In the embodiments of the present application, the reproduction state specifically means presence or absence. When a character or a character string (such as a word or a plurality of continuous words) in a summary sentence included in the first summary set appears in a summary sentence in the second summary set, the recurrence state is yes; and when the characters or character strings in the abstract sentences included in the first abstract set do not appear in the abstract sentences in the second abstract set, the reappearance state is no.

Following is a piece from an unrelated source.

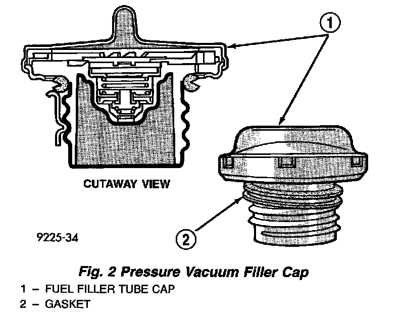 The fuel filler tube cap seals the fuel tank when threaded onto the filler neck. For safety, the cap contains pressure-vacuum relief valves. A malfunction in the system or damage to the fuel lines could cause excessive fuel tank pressure. The relief valves prevent possible excessive pressure or vacuum build-up in the fuel tank.

It is understood that the degree of difference reflects the difference between the two in content. When characters or character strings in the abstract sentences included in the first abstract set appear in the abstract sentences in the second abstract set, the abstract sentences and the second abstract set have repeated content or redundant content, and the difference degree is small; on the contrary, when the characters or character strings in the abstract sentences included in the first abstract set do not appear in the abstract sentences in the second abstract set, the repeated content or redundant content does not exist in the abstract sentences and the second abstract set, and the difference degree is large. Therefore, according to the reappearance state of the characters or character strings in the abstract sentences in the first abstract set in the second abstract set, the difference degree of each abstract sentence in the first abstract set to the second abstract set can be obtained.
In some possible implementation manners of the embodiment of the present application, as shown in fig. 3, step S201 may specifically include:
s2011: and extracting a plurality of character strings from the target abstract sentence according to a preset rule.
It is understood that the target abstract sentence is any one of the abstract sentences in the first abstract set. In practical application, a preset rule may be specifically set to determine the length of the extracted character string and the extraction method.
As an example, in order to ensure the accuracy and comprehensiveness of the statistics on the difference degree, the preset rule may be an N-gram rule, and the character string is extracted from the target abstract sentence by using the N-gram rule.
N-gram: is a sequence of N items (items) in a piece of text given in Natural Language Processing (NLP). The item (item) may be a letter or a word, etc. When N is 1, it may be referred to as unigram; when N is 2, it may be referred to as bigram; when N is 3, it may be called trigram, and so on. Taking trigram as an example, a character string can be obtained by taking the 1 st character to the 3 rd character from the first character of the target abstract sentence, a character string can be obtained by taking the 2 nd character to the 4 th character, a character string can be obtained by taking the 3 th character to the 6 th character, and so on until the n-2 th character to the n th character is taken to obtain a character string, and a plurality of character strings extracted from the target abstract sentence can be obtained.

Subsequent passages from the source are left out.